Background information
- Also known as: Ol Drake, OL Drake, Old Rake, Twatticus Maximus
- Born: Oliver Michael Drake 28 March 1984 (age 41) Huddersfield, England
- Genres: Thrash metal
- Occupation: Musician
- Instrument(s): Guitar, vocals
- Years active: 1999–2015, 2018–present
- Website: evilecult.com

= OL Drake =

British guitarist and singer

Oliver Michael Drake (born 28 March 1984), known as Ol Drake, Old Rake or OL Drake, is an English musician, most notably the vocalist and lead guitarist of the thrash metal band Evile.

== Biography ==
Drake and his brother, Matt, were brought up in a musical environment, with the sound of Camel, Guns N' Roses and The Jimi Hendrix Experience. Drake's father, Tony, played guitar from a young age and played in many local bands. Matt, having received classical guitar lessons when young, obtained a Fender copy electric guitar for a birthday, and also being a fan of Metallica and the guitar, OL was intrigued by the songs and the guitar.
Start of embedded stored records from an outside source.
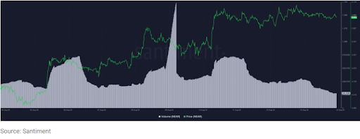 NEAR's price has dropped to its range before the news at $5.89 as of press time. In addition, NEAR had vigorous trading activity on August 11. The intraday trade volume on the platform increased to a high of over 845 million in a day due to Coinbase's statement. However, trade activity began to slow down just before the trading day ended. Trade volume on the platform was 244.559 million at the moment of writing, dropping by more than 200% in only four days.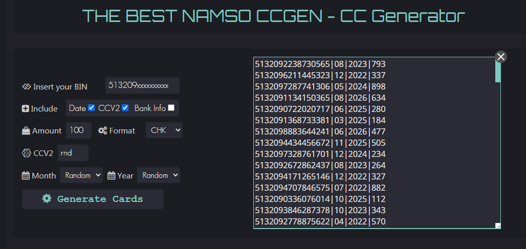 Step 4 : Go to https://www.bestccgen.com/namso-ccgen/ and paste the BIN, generate as you want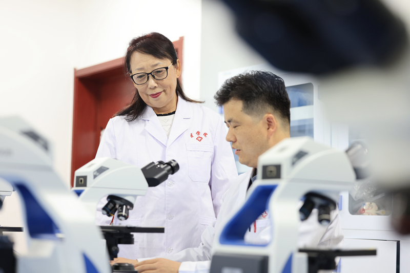 2023年10月26日,崔丽在辅导青年教师观察组织切片标本。新华社发(方卫东 摄)
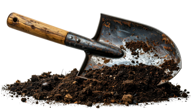 A well-used garden spade rests in a pile of rich, dark earth, ready for planting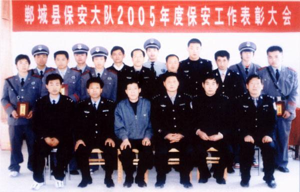 2006年度市公安局保安公司領(lǐng)導(dǎo)和鄲城縣公安局領(lǐng)導(dǎo)與受表彰的保安隊員合影留念…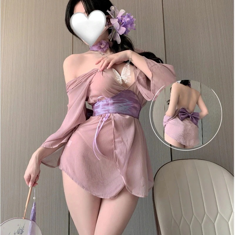 セクシー浴衣セット 紫の趣情趣下着人妻誘惑情趣漢服ワイド袖肩出し露出背セクシーパジャマガウン コスプレ セクシーランジェリー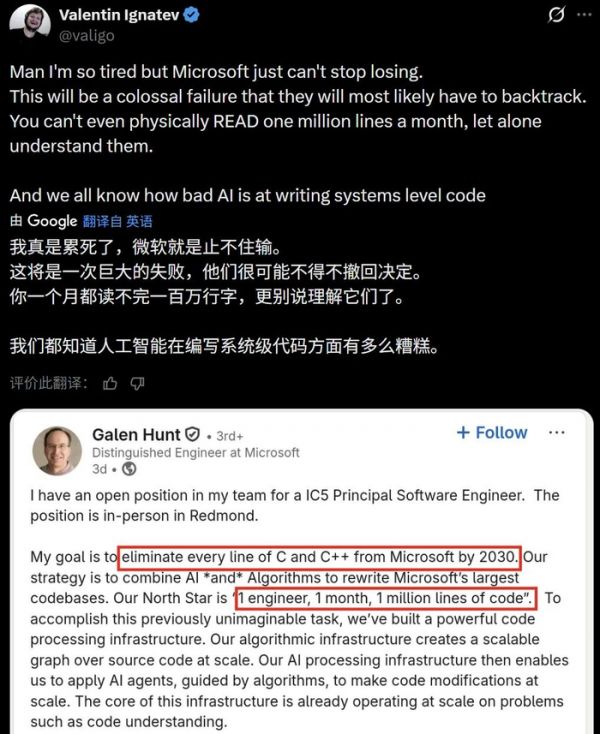 这个核心高级专家职位不是闹着玩的,他表示:「我的目标是在 2030 年消灭微软所有的 C 和 C++ 代码。策略是使用 AI 与算法的方式,重写微软整个代码库。」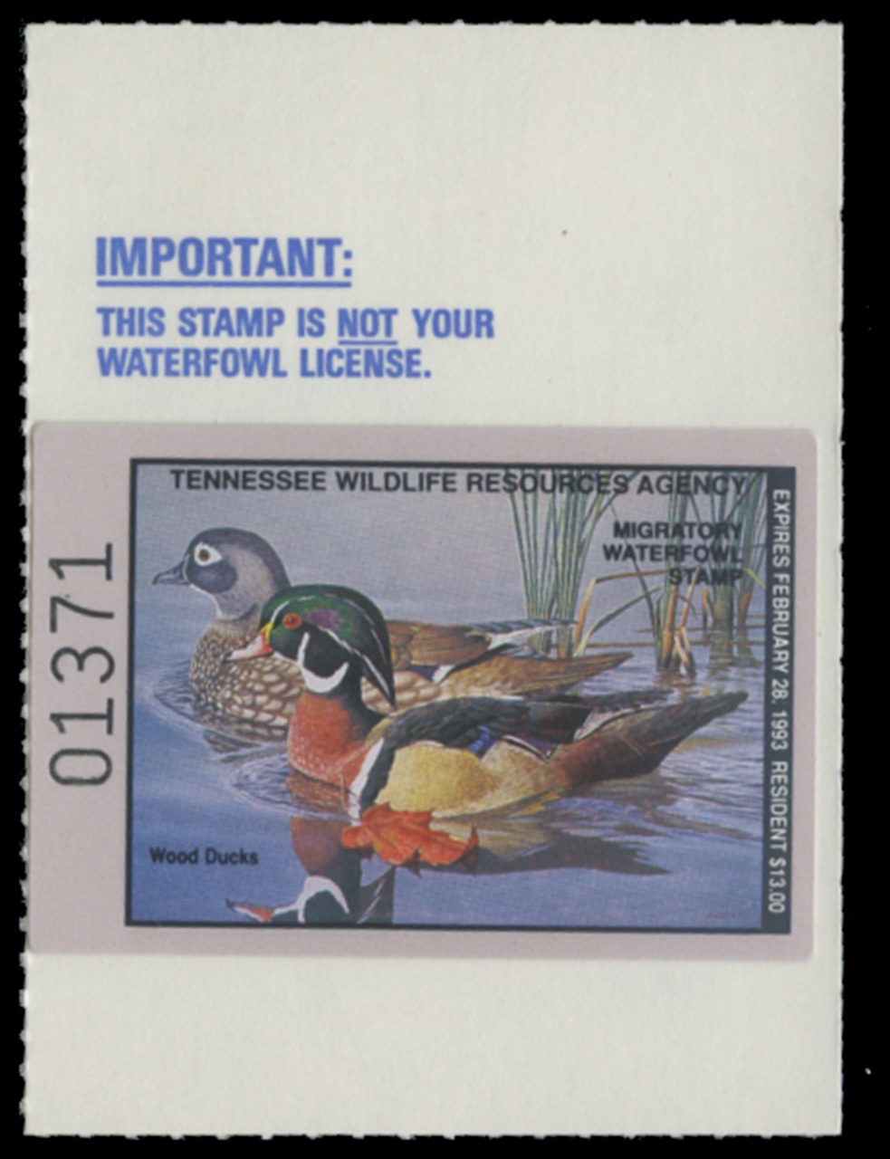 TN14 1992 State Duck Stamp. Mint Never Hinged. Very Fine. Wood Ducks by Thomas Hirata.
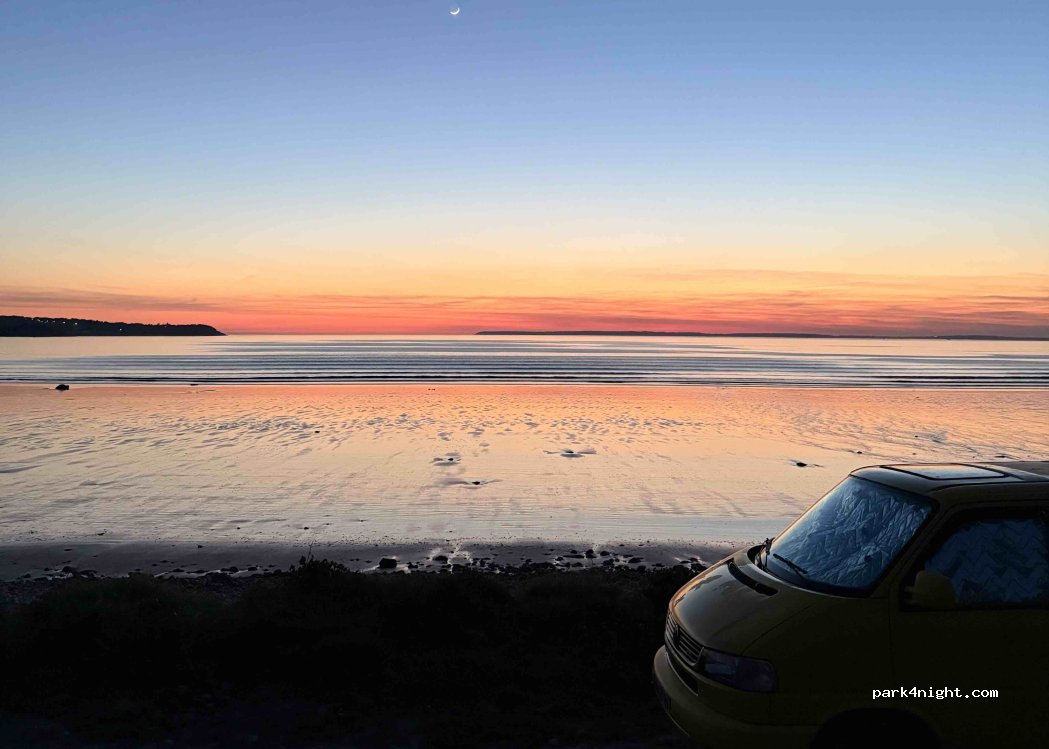 Une vue et un coucher de soleil à couper le souffle. Très calme, peu de passage. Excellent spot pour un van malgré les quelques algues vertes.

Matt started OL on the path of heavy metal by introducing him to the music of Metallica. Drake, then aged 16, picked up Matt's guitar when possible and taught himself from then on.

When Drake reached music college, he developed an interest in music theory, jazz and classical music, which opened up his playing and progress on the guitar. He also developed an interest and skill in playing drums.

He spent several years notating guitar tablature for the majority of Annihilator's back catalogue. Jeff Waters, impressed by his work, dedicated a page on the Annihilator website to his tabs.

Drake made a guest appearance on The Berzerker bassist Sam Bean's solo project The Senseless, performing a guest solo on the track "Promise".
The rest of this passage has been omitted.